* Exercise
Reproduce the complete set of records exactly. No picture is to appear in the copy.
━━ Dataset records
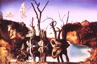 Pensando en eso y sintiendo esa extraña sensación, eché un poco la vista atrás a las últimos libros que había leído y es cierto que con todos me había pasado que veía imágenes. En la mayoría normales, como cualquier película, pero algunos de los que más me habían gustado por originales me habían traído imágenes «extrañas», como ese 1Q84 o, por compensar mi sacrilegio Pynchoniano de antes, El arco iris de la gravedad. Recordando las imágenes que me evocaba en general me di cuenta que era como vivir en un Dalí. La realidad se distorsionaba y todo parecía flexible. Nada fuera verdad o mentira, como en el cuadro que ilustra el post. Una sensación extraña pero muy placentera porque os aseguro que no fue un análisis consciente sino que mientras leia el libro eran imágenes de ese estilo las que acudían a mi mente.
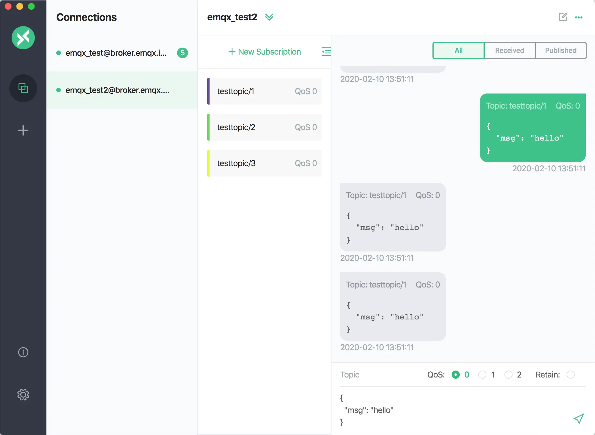 MQTT X 是由全球领先的开源物联网中间件提供商 EMQ 开源的一款跨平台 MQTT 5.0 桌面客户端,它支持 macOS,Linux,Windows。MQTT X 的用户界面借助聊天软件的形式简化了页面的操作逻辑,用户可以快速创建连接保存并同时建立多个连接客户端,方便用户快速测试 MQTT/TCP、MQTT/TLS 的连接、发布/订阅功能及其他特性。
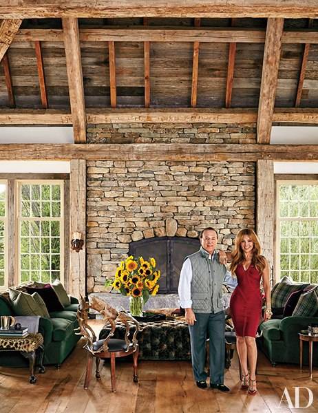 In a rustic, spacious entertainment space known as “The Lodge”—which features ceiling and flooring made of reclaimed wood—the couple poses next to a pair of Linda Horn antler-framed chairs, and an ottoman upholstered in Ralph Lauren Home cotton velvet.
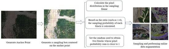 To understand the sampling technique proposed in this paper, the core steps are outlined as follows: First, we mark the corresponding anchor points on the image according to the preset step size. Next, we build a sampling frame (512 × 512 pixels) around each anchor point. Subsequently, the proportion of specific pixels in each sampling frame is calculated. On this basis, the tiles with similar proportions are selected through the overall pixel ratio. In the end, we have a well-balanced dataset and perform online enhancement processing on it to further improve the diversity and usefulness of the data. The specific steps are shown in Figure 2.
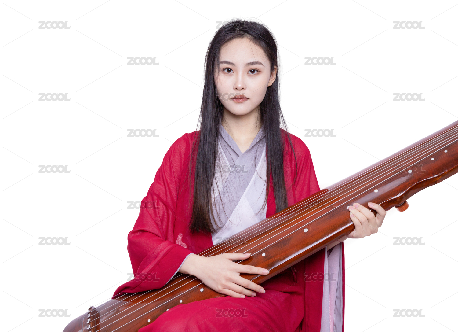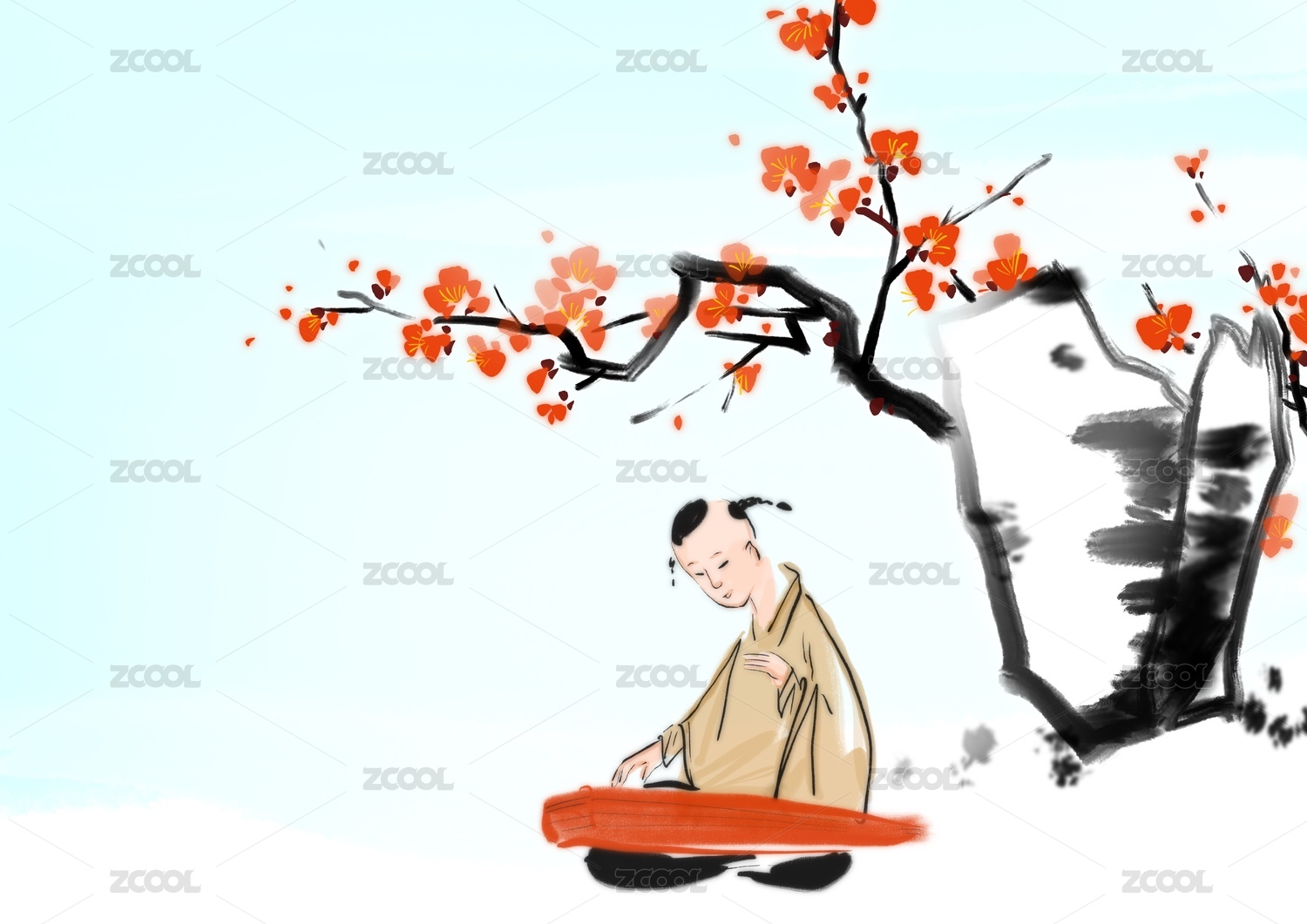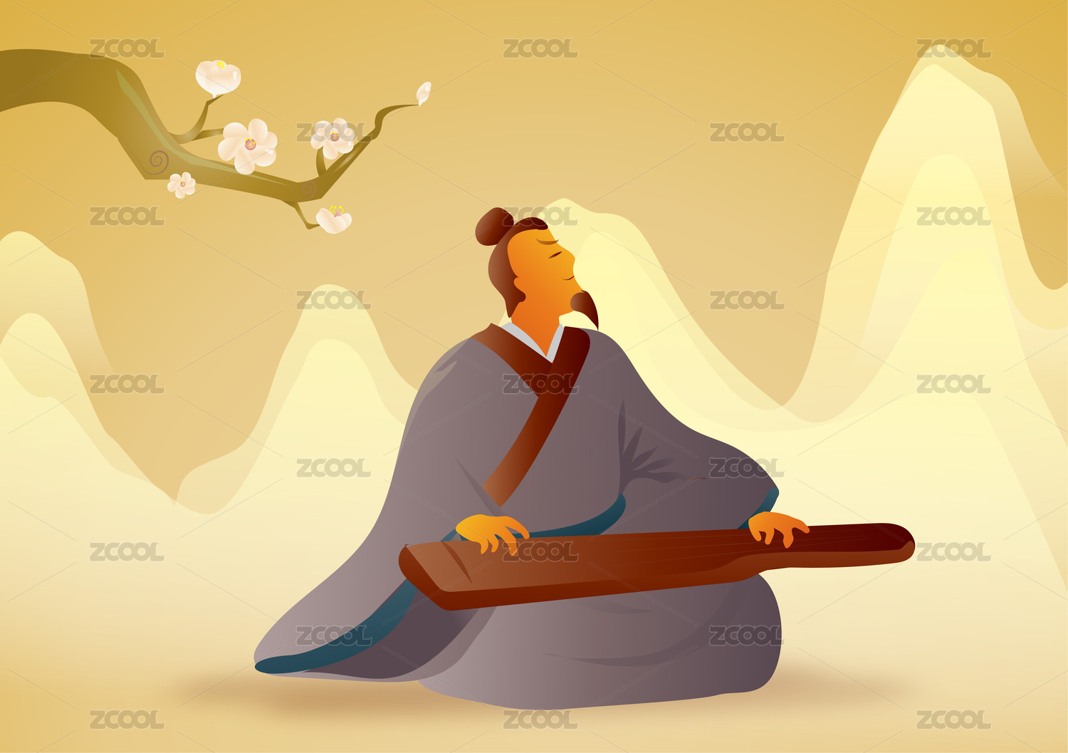 园林假山亭子松树弹琴中国风矢量手绘插画
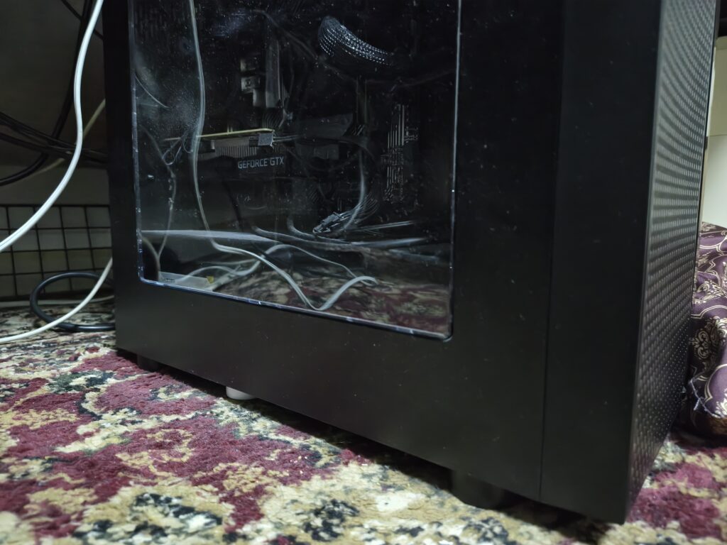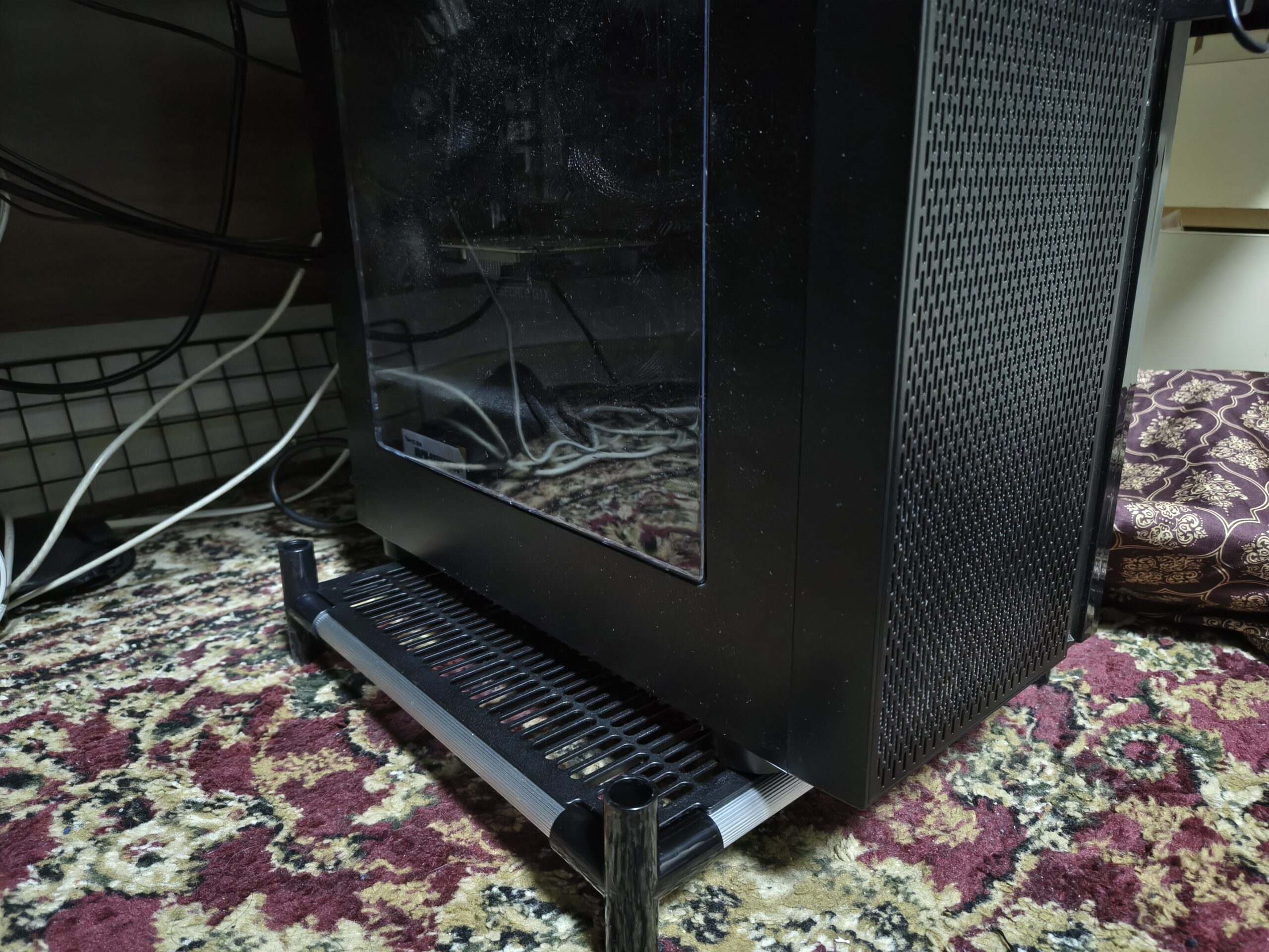 奥行きがやや足りませんでしたが、ちゃんとPCケースの足が乗っているのでいいでしょう。
━━━━
* Task output
 Pensando en eso y sintiendo esa extraña sensación, eché un poco la vista atrás a las últimos libros que había leído y es cierto que con todos me había pasado que veía imágenes. En la mayoría normales, como cualquier película, pero algunos de los que más me habían gustado por originales me habían traído imágenes «extrañas», como ese 1Q84 o, por compensar mi sacrilegio Pynchoniano de antes, El arco iris de la gravedad. Recordando las imágenes que me evocaba en general me di cuenta que era como vivir en un Dalí. La realidad se distorsionaba y todo parecía flexible. Nada fuera verdad o mentira, como en el cuadro que ilustra el post. Una sensación extraña pero muy placentera porque os aseguro que no fue un análisis consciente sino que mientras leia el libro eran imágenes de ese estilo las que acudían a mi mente.
 MQTT X 是由全球领先的开源物联网中间件提供商 EMQ 开源的一款跨平台 MQTT 5.0 桌面客户端,它支持 macOS,Linux,Windows。MQTT X 的用户界面借助聊天软件的形式简化了页面的操作逻辑,用户可以快速创建连接保存并同时建立多个连接客户端,方便用户快速测试 MQTT/TCP、MQTT/TLS 的连接、发布/订阅功能及其他特性。
 In a rustic, spacious entertainment space known as “The Lodge”—which features ceiling and flooring made of reclaimed wood—the couple poses next to a pair of Linda Horn antler-framed chairs, and an ottoman upholstered in Ralph Lauren Home cotton velvet.
 To understand the sampling technique proposed in this paper, the core steps are outlined as follows: First, we mark the corresponding anchor points on the image according to the preset step size. Next, we build a sampling frame (512 × 512 pixels) around each anchor point. Subsequently, the proportion of specific pixels in each sampling frame is calculated. On this basis, the tiles with similar proportions are selected through the overall pixel ratio. In the end, we have a well-balanced dataset and perform online enhancement processing on it to further improve the diversity and usefulness of the data. The specific steps are shown in Figure 2.
 园林假山亭子松树弹琴中国风矢量手绘插画
 奥行きがやや足りませんでしたが、ちゃんとPCケースの足が乗っているのでいいでしょう。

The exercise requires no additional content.